**Data**
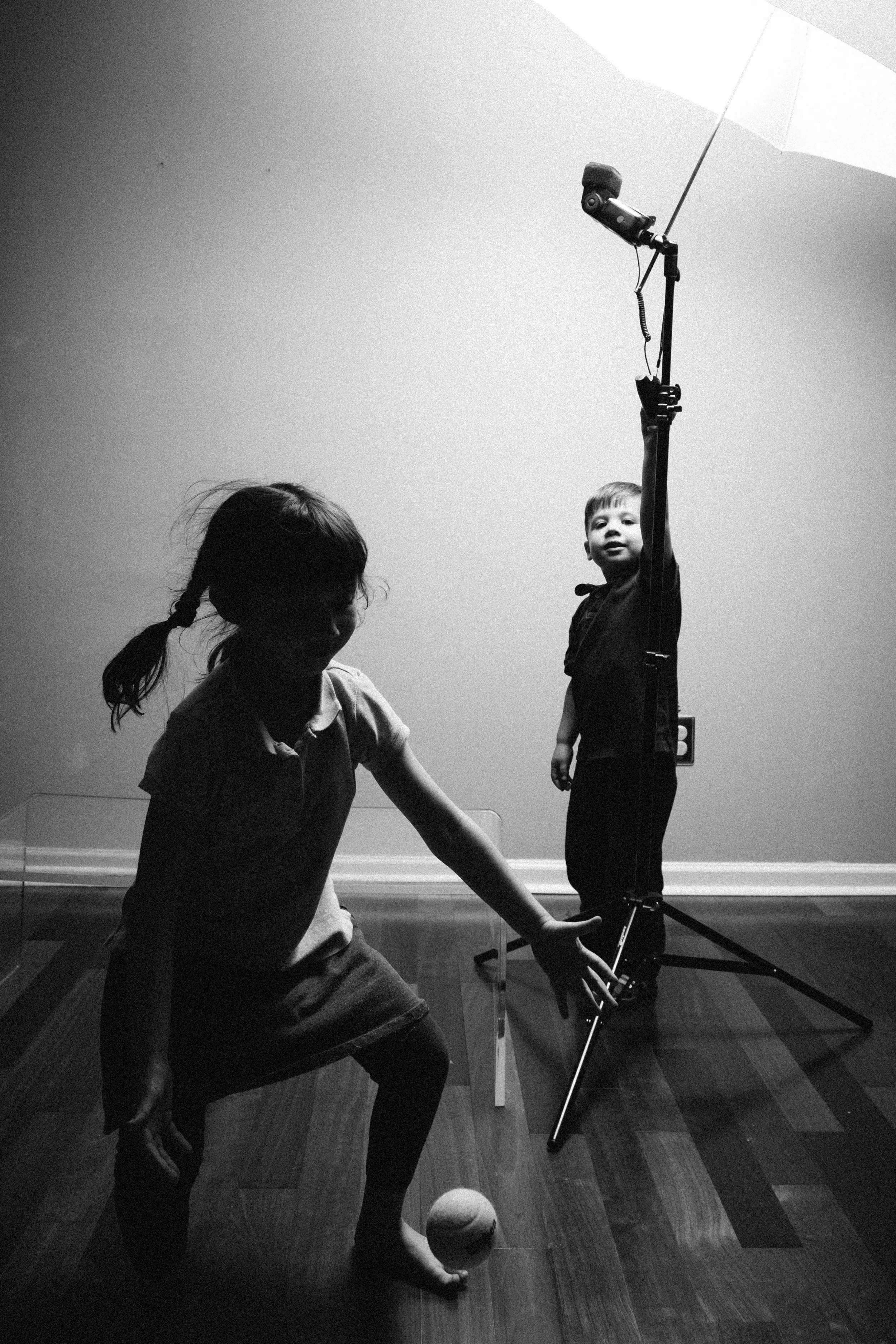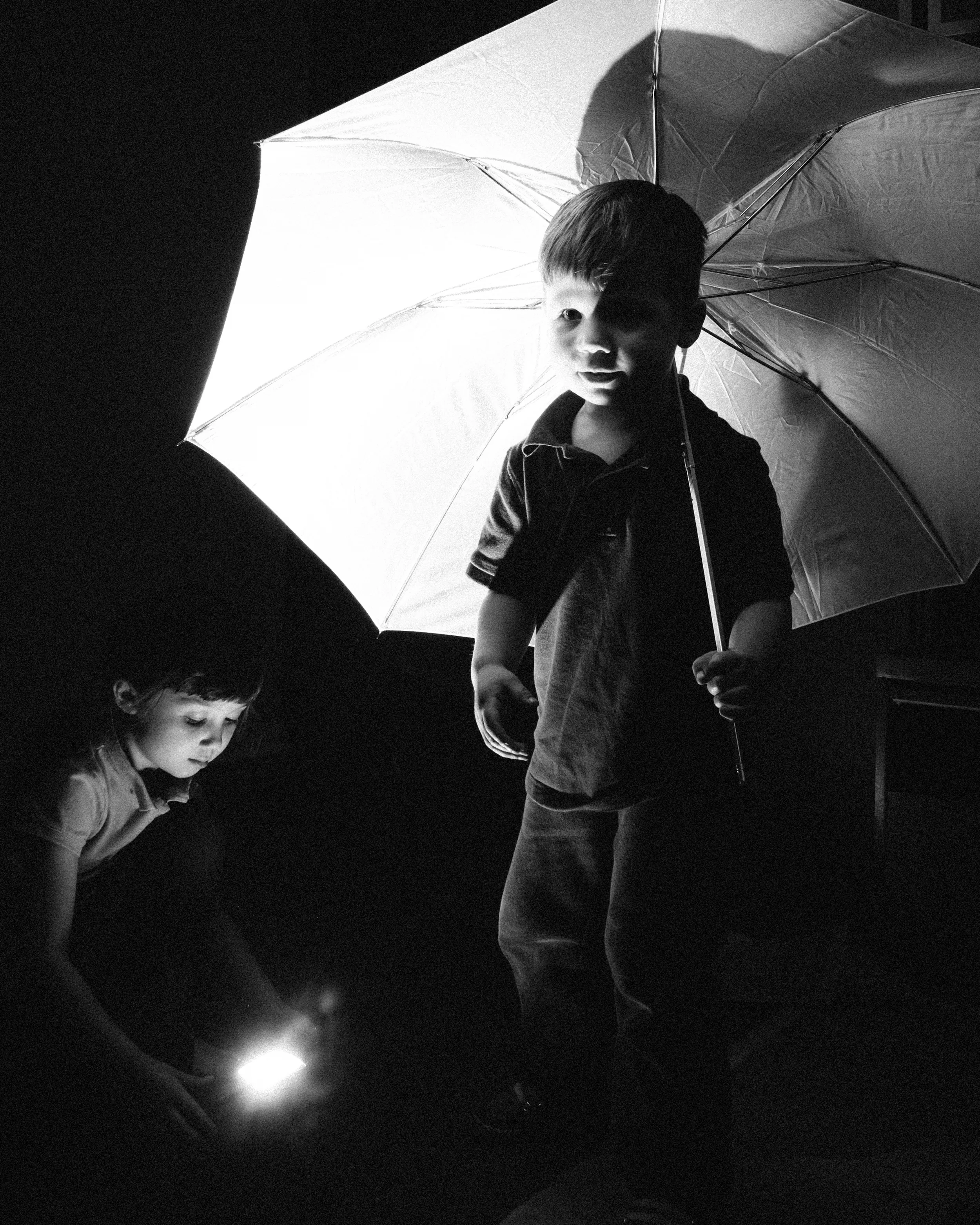 I set out to get a portrait of my three year old son today, but he has reached the point where he's really not interested in sitting still for a picture. I didn't feel like pressing my luck today, so my solution was to break out the PocketWizards and let him fire the flash whenever he wanted. I would count down from three, and then take my shot just before he fired the trigger. I didn't end up getting a proper portrait, but I'm happy with how whimsical the shots turned out. Also, it's moments like these that I'm happy to have cheap flash gear (other than the PocketWizards, but those are pretty tough).
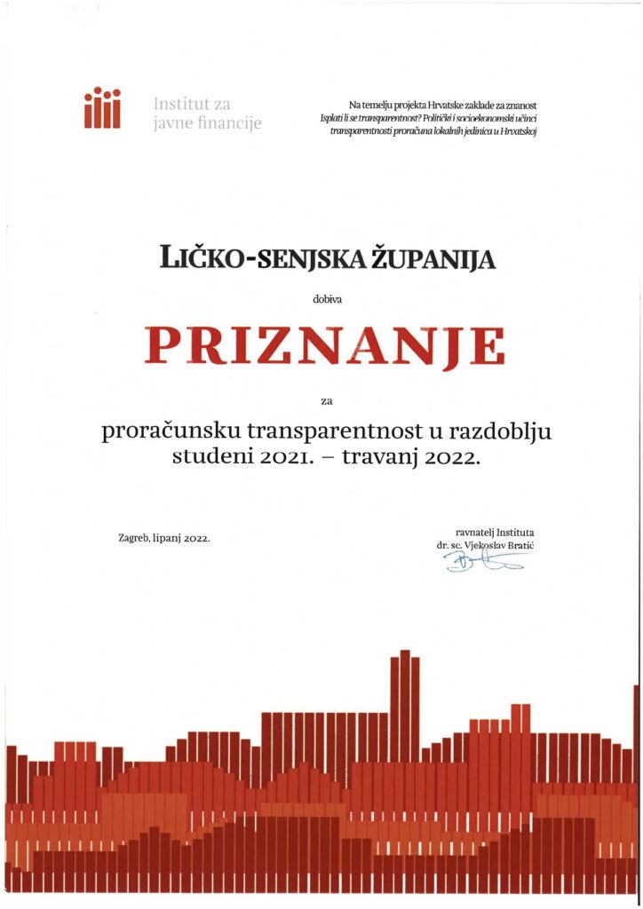 GOSPIĆ – Ličko–senjska županija dobila priznanje za transparentnost proračuna Institut za javne financije predstavio je 29. lipnja 2022. rezultate najnovijeg ciklusa istraživanja transparentnosti 576 proračuna županija, gradova i općina koje se provodi u okviru projekta Hrvatske zaklade za znanost “Isplati li se transparentnost?
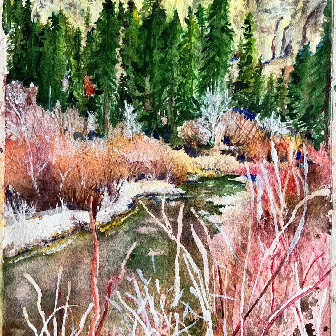 Lynn is an artist in the Black Hills and has been a NPWS member for about 2 years. Her paintings include scenes of the surrounding area as well as other locations. Her work in watercolor offers her more spontaneity and is less cumbersome when painting on the spot, however most of her paintings are done from photographs. Lynn also enjoys photography and when traveling always has a camera by her side. People have always been a fascination for her and she calls the portrait a success when capturing the essence of the individual. Her past work includes watercolor and oil paintings as well as drawings, greeting cards, and occasional pieces of shark tooth jewelry. Many of her current watercolor paintings are a mixture of chalk, acrylics, and small beads attached to give the painting a hint of sparkle when the light hits it at a certain angle. Each painting starts with a drawing and a background wash. Many of her paintings are done using dry brush technique, but she will add wet on wet, float in color or use salt for certain effects.

**Task goal**
This exercise calls for the complete listing, returned exactly and without images.

**Task output**
 I set out to get a portrait of my three year old son today, but he has reached the point where he's really not interested in sitting still for a picture. I didn't feel like pressing my luck today, so my solution was to break out the PocketWizards and let him fire the flash whenever he wanted. I would count down from three, and then take my shot just before he fired the trigger. I didn't end up getting a proper portrait, but I'm happy with how whimsical the shots turned out. Also, it's moments like these that I'm happy to have cheap flash gear (other than the PocketWizards, but those are pretty tough).
 GOSPIĆ – Ličko–senjska županija dobila priznanje za transparentnost proračuna Institut za javne financije predstavio je 29. lipnja 2022. rezultate najnovijeg ciklusa istraživanja transparentnosti 576 proračuna županija, gradova i općina koje se provodi u okviru projekta Hrvatske zaklade za znanost “Isplati li se transparentnost?
 Lynn is an artist in the Black Hills and has been a NPWS member for about 2 years. Her paintings include scenes of the surrounding area as well as other locations. Her work in watercolor offers her more spontaneity and is less cumbersome when painting on the spot, however most of her paintings are done from photographs. Lynn also enjoys photography and when traveling always has a camera by her side. People have always been a fascination for her and she calls the portrait a success when capturing the essence of the individual. Her past work includes watercolor and oil paintings as well as drawings, greeting cards, and occasional pieces of shark tooth jewelry. Many of her current watercolor paintings are a mixture of chalk, acrylics, and small beads attached to give the painting a hint of sparkle when the light hits it at a certain angle. Each painting starts with a drawing and a background wash. Many of her paintings are done using dry brush technique, but she will add wet on wet, float in color or use salt for certain effects.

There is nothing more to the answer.